There are people who are put in our lives to inspire us. Who make us realize life really isn’t that bad. The kind of people who take the bad things in life and build upon them turning them into something beautiful and inspiring. Nowadays those people are a rare find kind of like a shooting star. You search for them. You hope for them. One day you find them and they change your life. Today you can put your search on hold for I am introducing all of you to an inspiration. A young man who has taken a bad thing and molded it into something good.
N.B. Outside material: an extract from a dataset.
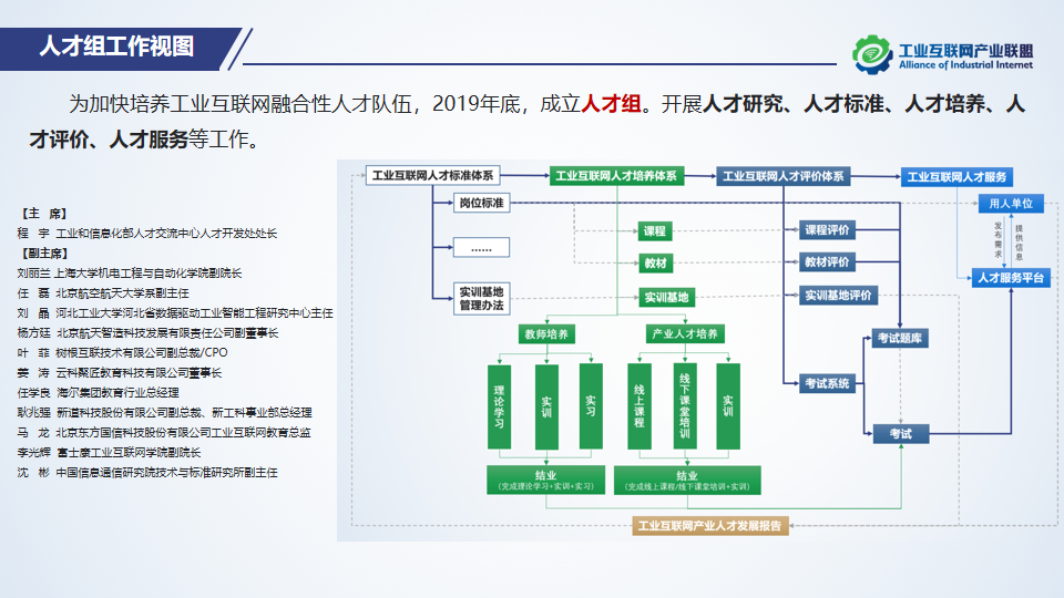 人才組會議由副主席劉麗蘭主持。會上,工業和信息化部人才交流中心介紹了產教融合型專業建設試點院校的相關工作的進展情況。北京華航唯實機器人科技股份有限公司專家從企業實際崗位需求、人才培訓就業意愿雙向出發,介紹產教融合型實訓基地建設模式和創新性課程設計。上海朋禾智能科技有限公司、無錫泛太科技有限公司、廣東精工智能系統有限公司的專家分享了各自在工業互聯網產業人才培養方面的實踐經驗。本次會議還邀請到聯盟工業大數據特設組專家趙志海,介紹產業大數據相關工作進展情況,與參會代表共同圍繞工業大數據人才需求進行深入探討。會議最后,程宇主席組織大家共同討論了人才組2022年工作計劃,擬在工業互聯網人才標準研制、人才培養案例征集、實訓基地建設、產教融合模式探索等方面進一步深化組內工作。

I would like to introduce you to Roger Morris Ice Hockey Alum and current Bakersfield Condors player Chris Kushneriuk. While training for the current 2012-2013 season Chris began to have stomach pains that gradually worsened. What they thought were kidney stones turned out to be testicular cancer. Most people would become depressed upon realizing their life is hanging in the balance. On top of that the thing Chris loves the most, playing hockey, would have to be put on hold for the duration of treatments. Most people would have a hard time coming to terms with this situation. Chris Kushneriuk is not most people. His outlook on having cancer is incredible. In an October interview with Gary Heeman, writer at Uscho.com, Chris Kushneriuk stated :
When something like this happens, you really look at life in a different light and you see things differently. I really appreciate things more like family and friends — the true finer things in life, not the material things. I wake up every day excited for having another chance to fight this.
It doesn’t stop at this statement either. If you take a look at Chris’ twitter (@stonecoldkush ) you will see what kind of person he truly is. Chris leaves treatment updates. He tells people he’s never met to have a blessed day. Chris thanks all of those who send him well wishes. He tries to keep his attitude on the situation positive. This man took something so horrible, so dreadful, so ugly, and turned it into something beautiful. Chris is taking delight in his weakness and making it his strength.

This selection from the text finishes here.